§ **Activity**: Write out the following listing's lines from the one with "Skiing Santa Stocking Cross Stitch Pattern" to the one with "Depois que a", exactly, with both included and no others.

§ **Extracted data**:
━━━━━━━━━━
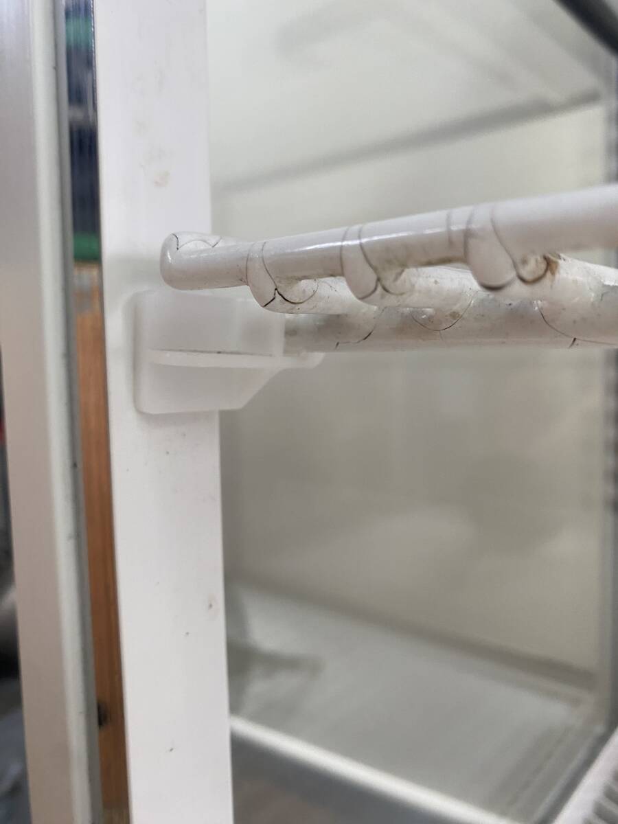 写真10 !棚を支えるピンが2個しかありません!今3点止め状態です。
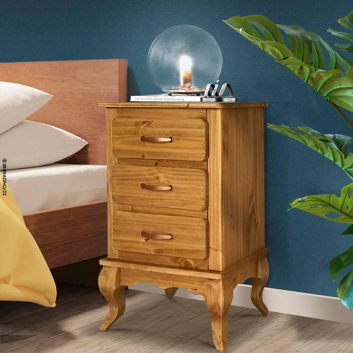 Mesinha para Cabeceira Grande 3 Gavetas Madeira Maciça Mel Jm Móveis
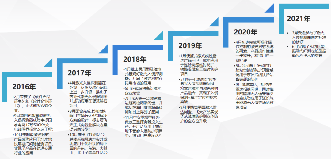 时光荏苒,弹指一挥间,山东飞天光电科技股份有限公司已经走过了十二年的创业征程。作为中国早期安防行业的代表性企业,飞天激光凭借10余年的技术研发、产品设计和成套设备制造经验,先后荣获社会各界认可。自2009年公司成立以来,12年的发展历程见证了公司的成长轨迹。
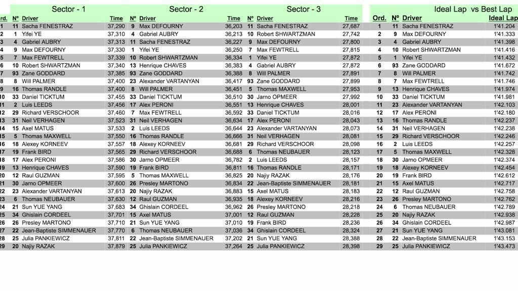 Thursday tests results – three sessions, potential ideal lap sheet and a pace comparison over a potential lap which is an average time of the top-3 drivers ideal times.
━━━━━━━━━━
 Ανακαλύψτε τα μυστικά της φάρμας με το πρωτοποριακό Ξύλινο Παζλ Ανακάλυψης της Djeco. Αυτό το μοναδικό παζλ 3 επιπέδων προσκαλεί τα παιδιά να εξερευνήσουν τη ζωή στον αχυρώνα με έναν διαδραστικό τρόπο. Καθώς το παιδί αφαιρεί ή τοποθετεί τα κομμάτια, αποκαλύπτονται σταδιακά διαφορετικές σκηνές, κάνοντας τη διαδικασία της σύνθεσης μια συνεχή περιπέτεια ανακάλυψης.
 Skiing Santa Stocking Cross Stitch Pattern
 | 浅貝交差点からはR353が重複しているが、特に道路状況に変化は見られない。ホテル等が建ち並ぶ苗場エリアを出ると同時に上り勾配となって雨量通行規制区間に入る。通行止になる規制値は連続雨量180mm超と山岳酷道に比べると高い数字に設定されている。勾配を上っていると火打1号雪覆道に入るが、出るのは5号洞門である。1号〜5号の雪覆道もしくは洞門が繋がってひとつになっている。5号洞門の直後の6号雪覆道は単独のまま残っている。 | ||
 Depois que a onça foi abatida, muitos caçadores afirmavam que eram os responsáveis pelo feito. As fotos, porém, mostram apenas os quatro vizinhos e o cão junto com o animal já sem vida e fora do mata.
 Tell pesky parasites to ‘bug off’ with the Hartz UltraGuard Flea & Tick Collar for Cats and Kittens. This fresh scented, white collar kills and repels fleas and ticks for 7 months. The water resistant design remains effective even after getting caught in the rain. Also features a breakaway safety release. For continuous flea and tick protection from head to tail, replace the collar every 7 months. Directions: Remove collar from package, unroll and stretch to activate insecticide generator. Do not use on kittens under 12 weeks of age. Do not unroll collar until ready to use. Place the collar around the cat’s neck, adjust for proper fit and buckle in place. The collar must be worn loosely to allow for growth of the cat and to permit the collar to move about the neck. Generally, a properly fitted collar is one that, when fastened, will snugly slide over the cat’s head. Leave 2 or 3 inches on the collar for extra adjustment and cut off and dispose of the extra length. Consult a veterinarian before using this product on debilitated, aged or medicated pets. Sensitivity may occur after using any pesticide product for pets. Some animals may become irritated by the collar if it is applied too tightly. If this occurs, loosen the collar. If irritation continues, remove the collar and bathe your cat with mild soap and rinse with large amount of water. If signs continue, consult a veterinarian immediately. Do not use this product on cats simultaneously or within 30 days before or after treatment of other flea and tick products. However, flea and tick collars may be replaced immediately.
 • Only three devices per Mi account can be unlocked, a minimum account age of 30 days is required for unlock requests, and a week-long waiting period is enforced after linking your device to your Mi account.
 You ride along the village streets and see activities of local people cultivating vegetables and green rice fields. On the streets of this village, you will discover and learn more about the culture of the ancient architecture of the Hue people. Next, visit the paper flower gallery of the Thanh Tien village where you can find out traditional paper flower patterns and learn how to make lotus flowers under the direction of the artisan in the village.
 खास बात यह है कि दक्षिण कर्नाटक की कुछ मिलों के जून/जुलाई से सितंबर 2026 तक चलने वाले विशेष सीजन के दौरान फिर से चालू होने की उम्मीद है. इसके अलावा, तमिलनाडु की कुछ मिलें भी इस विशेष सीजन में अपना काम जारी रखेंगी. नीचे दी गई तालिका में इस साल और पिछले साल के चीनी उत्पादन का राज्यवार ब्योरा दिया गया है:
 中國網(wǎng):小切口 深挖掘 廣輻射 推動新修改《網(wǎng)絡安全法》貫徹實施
━━━━━━━━━━
§ **Answer section**:
 Skiing Santa Stocking Cross Stitch Pattern
 | 浅貝交差点からはR353が重複しているが、特に道路状況に変化は見られない。ホテル等が建ち並ぶ苗場エリアを出ると同時に上り勾配となって雨量通行規制区間に入る。通行止になる規制値は連続雨量180mm超と山岳酷道に比べると高い数字に設定されている。勾配を上っていると火打1号雪覆道に入るが、出るのは5号洞門である。1号〜5号の雪覆道もしくは洞門が繋がってひとつになっている。5号洞門の直後の6号雪覆道は単独のまま残っている。 | ||
 Depois que a onça foi abatida, muitos caçadores afirmavam que eram os responsáveis pelo feito. As fotos, porém, mostram apenas os quatro vizinhos e o cão junto com o animal já sem vida e fora do mata.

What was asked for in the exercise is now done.